- Jan 2012
- South Midlands in Britain
I have illustrated the resistance in England to the Glorious Revolution. It had to be peaceful as it had no major political substance, having predicated its own destruction through arbitrary excesses in the later years of the reign of Charles II and the reign of James II. It is not appreciated that throughout the post-Reformation period in England there was a very deep fear among all Protestants of a murderous Catholic intervention from the continent.There were many English royalist who fled to Ireland. When Cromwell conquered Ireland, they had to flee to the continent. I would think many of them were high church Anglicans.

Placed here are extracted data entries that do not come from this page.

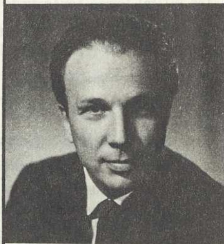
L'HONORABLE JEAN-PIERRE GOYER

Le Conférencier au déjeuner-causerie, du MARDI, 30 MARS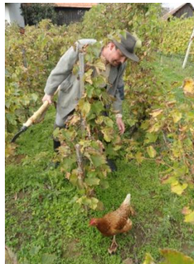
Slika 77: Ovtar je moral preganjati tudi kokoši.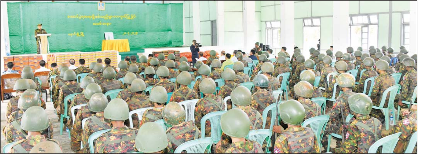
နိုင်ငံတော်စီမံအုပ်ချုပ်ရေးကောင်စီ ဒုတိယဥက္ကဋ္ဌ ဒုတိယဝန်ကြီးချုပ် ဒုတိယတပ်မတော်ကာကွယ်ရေးဦးစီးချုပ် ကာကွယ်ရေးဦးစီးချုပ် (ကြည်း) ဒုတိယဗိုလ်ချုပ်မှူးကြီးစိုးဝင်း အောင်ပွဲရ အရာရှိ၊ စစ်သည်များအား ဂုဏ်ပြုခြင်းအခမ်းအနားတွင် ဂုဏ်ပြုအမှာစကားပြောကြားစဉ်။

Wouldn't the Jacobites fighting for France or Spain include many Scotish, as well as Irish and English? There was resistance to William's usurpation in Scotland, but not in England. Also there were later Jacobite rebellions in Scotland.
Any Anglicans in Jacobite regiments would be fighting for France rather than Spain, because Spain allowed only Roman Catholics.
The principle Jacobite risings in Scotland after the Act of Union in 1707, namely the 1715 and 1745 rebellions, had a more complex nature to them than just support for the Old and Young Pretenders to the throne. There was also an incipient resistance to fact of the Act of Union that finally united the English and Scottish thrones. Many contemporary Scottish Nationalists draw an inspiration from these risings.
It would be very wrong to assume that the Reformation in Scotland mirrored the Reformation in England. In England the Reformation was driven by the Crown and woe betide anyone who resisted, whereas in Scotland it was more insurrectional, driven by middle class sentiment than any desires for religious conformity on the part of the monarch and the aristocracy.